*Input data*:
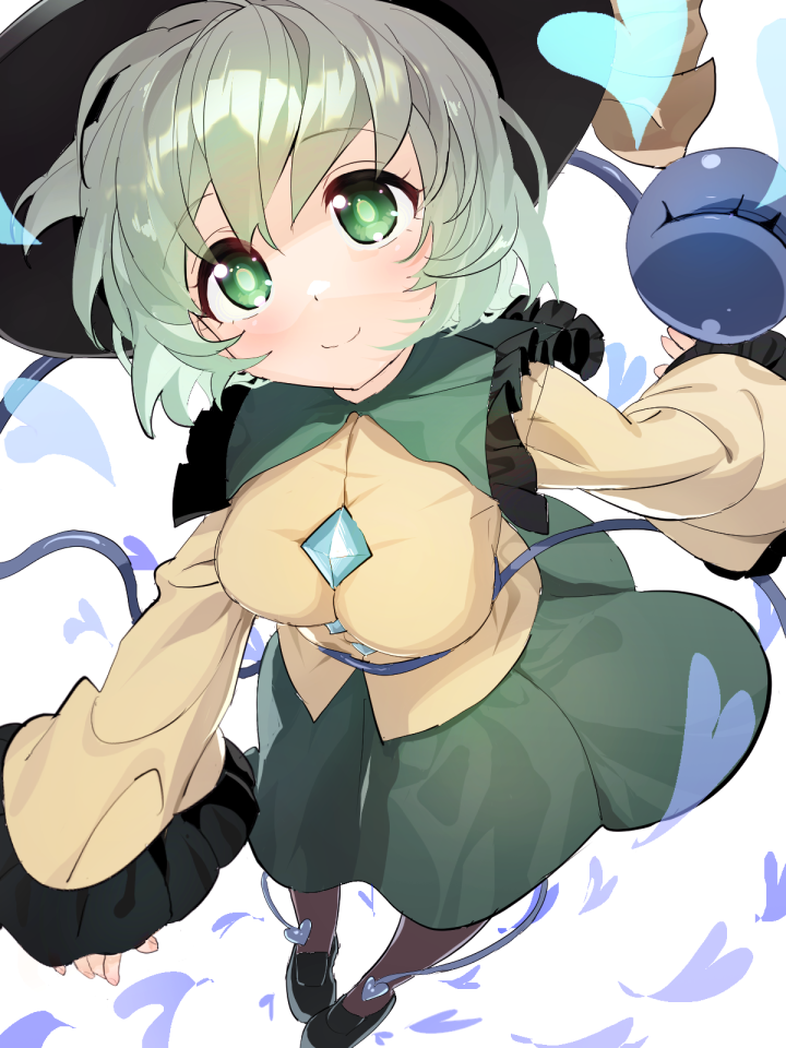 1girlblack hatblack shoesblushbreastsclosed mouthforeshorteningfull bodygreen eyesgreen hairgreen skirthatheartlong sleeveslooking at viewershirtshoesskirtsmilesolothird eyewhite backgroundyellow shirt
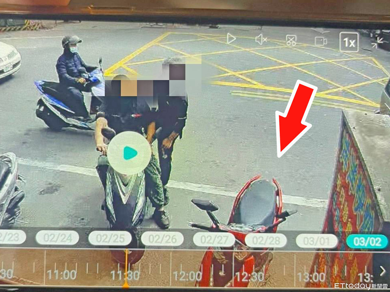 ▲警方調閱監視器發現兩名男子將林女紅色機車牽走,循線找到機車行「破案」,是林女親手將鑰匙交給機車行修車的。(圖/記者蔡佩旻翻攝)
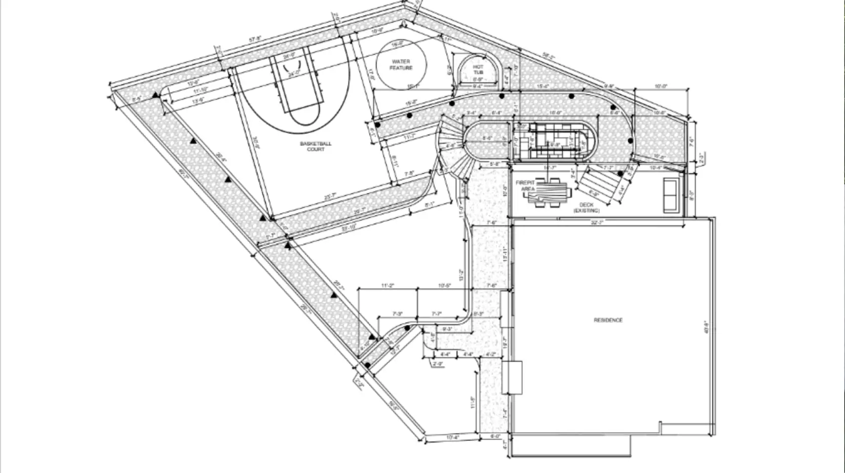 Step 1: Base Plan – Show the existing space with a 2D top-down plan. Include existing trees, structures, and key measurements

*Work to be completed*:
Return the listing above word for word. Keep the images out.

*Answer*:
 1girlblack hatblack shoesblushbreastsclosed mouthforeshorteningfull bodygreen eyesgreen hairgreen skirthatheartlong sleeveslooking at viewershirtshoesskirtsmilesolothird eyewhite backgroundyellow shirt
 ▲警方調閱監視器發現兩名男子將林女紅色機車牽走,循線找到機車行「破案」,是林女親手將鑰匙交給機車行修車的。(圖/記者蔡佩旻翻攝)
 Step 1: Base Plan – Show the existing space with a 2D top-down plan. Include existing trees, structures, and key measurements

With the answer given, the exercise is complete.